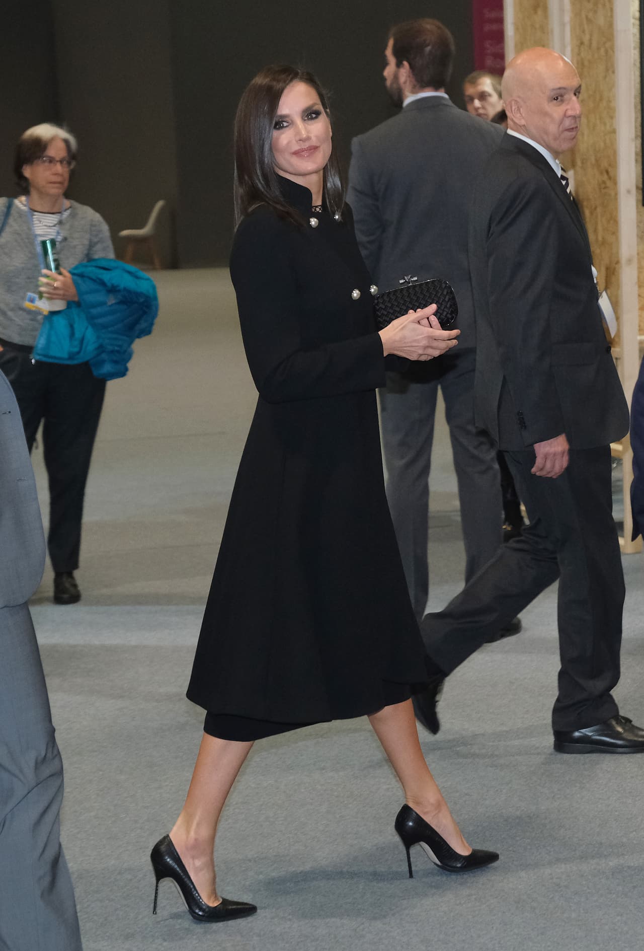 Durante la Conferencia de las Naciones Unidas sobre el Cambio Climático de 2019, la reina llevó un abrigo estilo militar en color negro, con tacones en el mismo tono para combinar perfectamente su outfit.
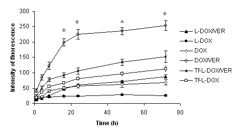 Figure 3. Accumulation of various DOX formulations in K562/DOX cells. Cells were incubated in RPMI 1640 medium containing various DOX formulations. Cell-associated DOX was then determined based on DOX fluorescence (excitation at 485nm, emission at 550nm) by quantitative fluorometry. Error bar equals 1 standard deviation (n=3). * indicates significant difference versus Tf-L-DOX/VER or p<0.05.
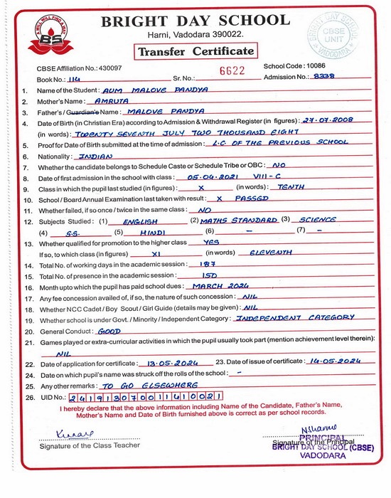 6459 Dhairya Mayurkumar Patel |
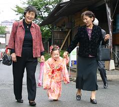 こんにちは。おかーさんです。10月に入り、めっきり秋らしくなりました。早ければ来月にはもう雪のお便りができるかも・・・やばい、急いで秋を満喫しないと。10月10日、さーちゃんの七五三参りをしてきました。七五三ってほんとは11月15日だと思いますが、このあたりでは寒くなる前に今頃の時期に済ませることが多いようです。朝、釜じいと釜ばあが来てくれて、みんなで写真屋さんへ。いつものスタジオではない所だったので、慣れない場所と雰囲気にさーちゃんびびって、なかなか着替えができない・・・焦る。。釜ばあが、メイク室にあるドレスやら帽子やらをとっかえひっかえ出して見せ、気を引いて何とか立ち直り着替えとヘアメイク完了。ありがとう。助かったわ、釜ばあ。祖父母4人に両親、さーちゃん、総勢7人の家族写真を撮影。さーちゃん1人の写真も少し撮って終了。そして、いつもの盛岡八幡宮へ移動。ばあちゃんたちと手をつないでゴキゲン。晴れ着は、おかーさんが35年前に着た着物。釜ばあ、とってもうれしそうでした。大安だったこともあって、七五三の子どもさん達もたくさん、結婚式も数組入っていたようで大賑わい。込み合っているのでおとーさんとさーちゃんが前列に座り、その他大勢は後ろへ。祝詞を聞いている間「頭をさげていてください」と言われ下を向いていると・・・隣でじーちゃんが「さーちゃん寝てる、危ない!」とささやく。前を見るとさーちゃん思いっきり舟をこいでいる・・・背もたれはないし、後ろにひっくり返りそう!ひええ~!おとーさん、気づかないのかぁ?!おかーさん、2列後ろから立ち上がって「おとーさんっ!」と小さく叫ぶ。よかった、おとーさん気がついた。さーちゃんも目を覚ました・・・・ほっ。後から聞いたら、おとーさんも寝てしまっていたそうで・・・バチあたりめ・・・無事に玉串も捧げて終了。女子4人でパチリ。そして全員でパチリ。みんな、にこにこですみなさん、さーちゃん無事に七五三を迎えました。すくすく元気に育っています。ありがとう!これからもさーちゃんの成長を見守ってくださいね

== == ==

◆ Work task:
The pictures alone are to be left out when the data above is copied; all else must match exactly.

◆ Task response:
 Durante la Conferencia de las Naciones Unidas sobre el Cambio Climático de 2019, la reina llevó un abrigo estilo militar en color negro, con tacones en el mismo tono para combinar perfectamente su outfit.
 Figure 3. Accumulation of various DOX formulations in K562/DOX cells. Cells were incubated in RPMI 1640 medium containing various DOX formulations. Cell-associated DOX was then determined based on DOX fluorescence (excitation at 485nm, emission at 550nm) by quantitative fluorometry. Error bar equals 1 standard deviation (n=3). * indicates significant difference versus Tf-L-DOX/VER or p<0.05.
 6459 Dhairya Mayurkumar Patel |
 こんにちは。おかーさんです。10月に入り、めっきり秋らしくなりました。早ければ来月にはもう雪のお便りができるかも・・・やばい、急いで秋を満喫しないと。10月10日、さーちゃんの七五三参りをしてきました。七五三ってほんとは11月15日だと思いますが、このあたりでは寒くなる前に今頃の時期に済ませることが多いようです。朝、釜じいと釜ばあが来てくれて、みんなで写真屋さんへ。いつものスタジオではない所だったので、慣れない場所と雰囲気にさーちゃんびびって、なかなか着替えができない・・・焦る。。釜ばあが、メイク室にあるドレスやら帽子やらをとっかえひっかえ出して見せ、気を引いて何とか立ち直り着替えとヘアメイク完了。ありがとう。助かったわ、釜ばあ。祖父母4人に両親、さーちゃん、総勢7人の家族写真を撮影。さーちゃん1人の写真も少し撮って終了。そして、いつもの盛岡八幡宮へ移動。ばあちゃんたちと手をつないでゴキゲン。晴れ着は、おかーさんが35年前に着た着物。釜ばあ、とってもうれしそうでした。大安だったこともあって、七五三の子どもさん達もたくさん、結婚式も数組入っていたようで大賑わい。込み合っているのでおとーさんとさーちゃんが前列に座り、その他大勢は後ろへ。祝詞を聞いている間「頭をさげていてください」と言われ下を向いていると・・・隣でじーちゃんが「さーちゃん寝てる、危ない!」とささやく。前を見るとさーちゃん思いっきり舟をこいでいる・・・背もたれはないし、後ろにひっくり返りそう!ひええ~!おとーさん、気づかないのかぁ?!おかーさん、2列後ろから立ち上がって「おとーさんっ!」と小さく叫ぶ。よかった、おとーさん気がついた。さーちゃんも目を覚ました・・・・ほっ。後から聞いたら、おとーさんも寝てしまっていたそうで・・・バチあたりめ・・・無事に玉串も捧げて終了。女子4人でパチリ。そして全員でパチリ。みんな、にこにこですみなさん、さーちゃん無事に七五三を迎えました。すくすく元気に育っています。ありがとう!これからもさーちゃんの成長を見守ってくださいね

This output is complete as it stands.